This repository demonstrates how to add grouped cell type annotations to a Seurat RDS file output by the FUSION label transfer step, as a precursor to spot annotation. This is a demo codebase and not a production plugin.
label_transfer.R --> [THIS STEP] --> spot_annotation
Label transfer predicts fine-grained cell type labels (e.g. subclass.l2: PT-S1, aPT, cycPT) for each spot.
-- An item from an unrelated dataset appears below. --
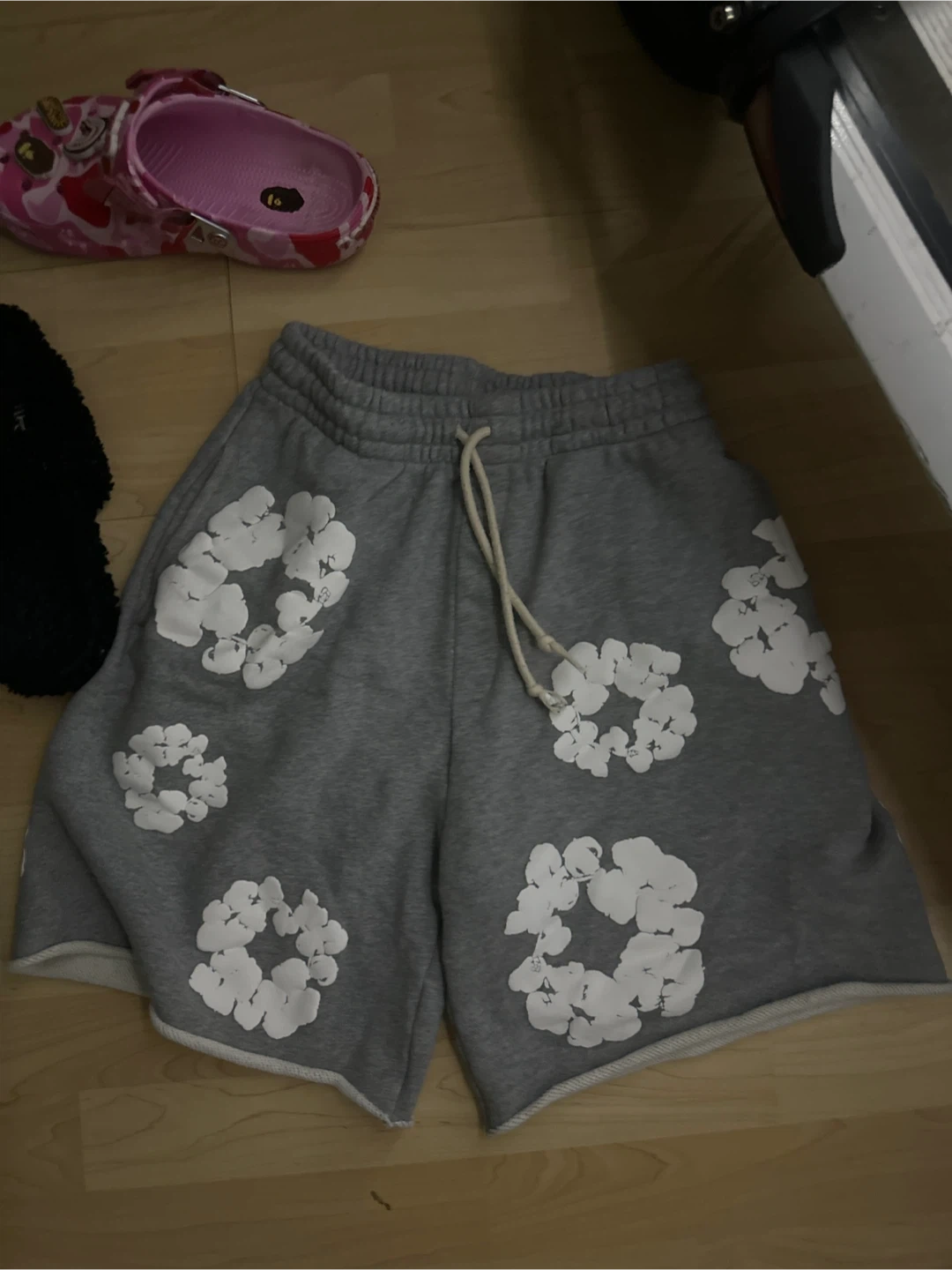 Selling a pair of grey shorts with a unique floral design. They're super comfy and perfect for lounging around the house or a casual day out. The shorts have a drawstring waist for a flexible fit. They are in great condition!

This step maps those labels to broader groups that spot annotation will use. main_type is the primary group used for spot annotation, with cell_state, structure, and class available for additional levels of visualization and analysis.
Reads the integrated RDS from label transfer, joins a user-provided mapping CSV to the spot metadata, and saves a new RDS with four additional metadata columns: main_type, cell_state, structure, and class.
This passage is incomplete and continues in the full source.